Exercise data
┌──

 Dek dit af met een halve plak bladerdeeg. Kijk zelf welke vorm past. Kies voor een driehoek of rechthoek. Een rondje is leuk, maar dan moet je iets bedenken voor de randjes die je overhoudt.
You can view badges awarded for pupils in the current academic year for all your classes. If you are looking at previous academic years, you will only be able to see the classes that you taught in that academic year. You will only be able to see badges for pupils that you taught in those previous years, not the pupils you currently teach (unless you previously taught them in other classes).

└──
┌──

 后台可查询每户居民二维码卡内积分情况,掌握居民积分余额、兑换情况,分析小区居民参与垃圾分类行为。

└──

Action item
Would you retype the lines above from the one with "Dek dit af met" down to the one with "You can view", word for word, both ends included and no other lines?

Task output
 Dek dit af met een halve plak bladerdeeg. Kijk zelf welke vorm past. Kies voor een driehoek of rechthoek. Een rondje is leuk, maar dan moet je iets bedenken voor de randjes die je overhoudt.
You can view badges awarded for pupils in the current academic year for all your classes. If you are looking at previous academic years, you will only be able to see the classes that you taught in that academic year. You will only be able to see badges for pupils that you taught in those previous years, not the pupils you currently teach (unless you previously taught them in other classes).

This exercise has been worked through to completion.